A recent edit by 193.1.209.101 inserted the following: Ireland's own constitution, for example, insists that a constitutional referendum be held on all international treaties involving a substantial transfer of national sovereignty. While this may be uncontroversially true (I don't know enough about Irish constitutional law to judge), it does imply something which is far from controversial, namely that the constitution involves a substantial transfer of national sovereignty. Those who are pro-constitution argue that it does not involve that kind of transfer.
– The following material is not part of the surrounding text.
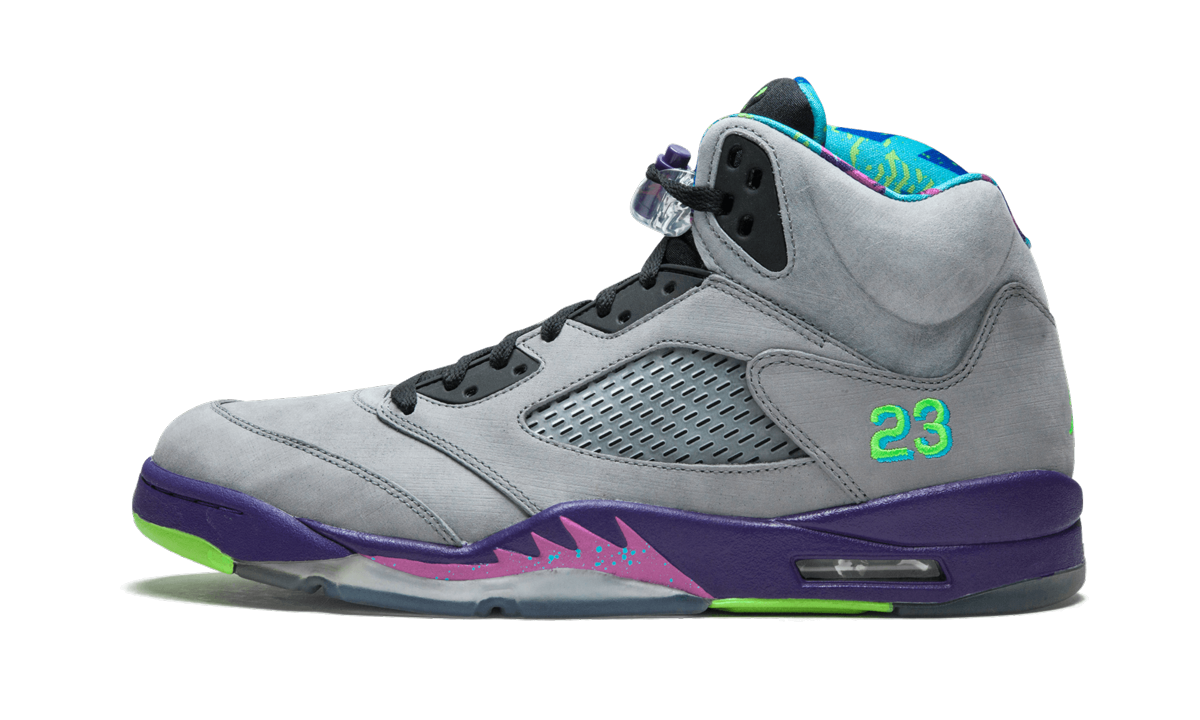 This vibrant Air Jordan 5 colorway was inspired by the classic ‘90s TV show the Fresh Prince of Bel-Air starring Will Smith who famously rocked the Air Jordan 5 in early episodes. The ‘90s vibe is obvious, with the multi-colored neon accents and wild print on the inner lining.

To keep things NPOV, I've therefore softened the paragraph in question to read: Ireland's own constitution, for example, insists that a constitutional referendum be held on all international treaties CONCERNING national sovereignty. While this is slightly less informative about Ireland's constitutional law, it does avoid the POV implication about the constitution. Toby W 11:29, 18 Oct 2004 (UTC)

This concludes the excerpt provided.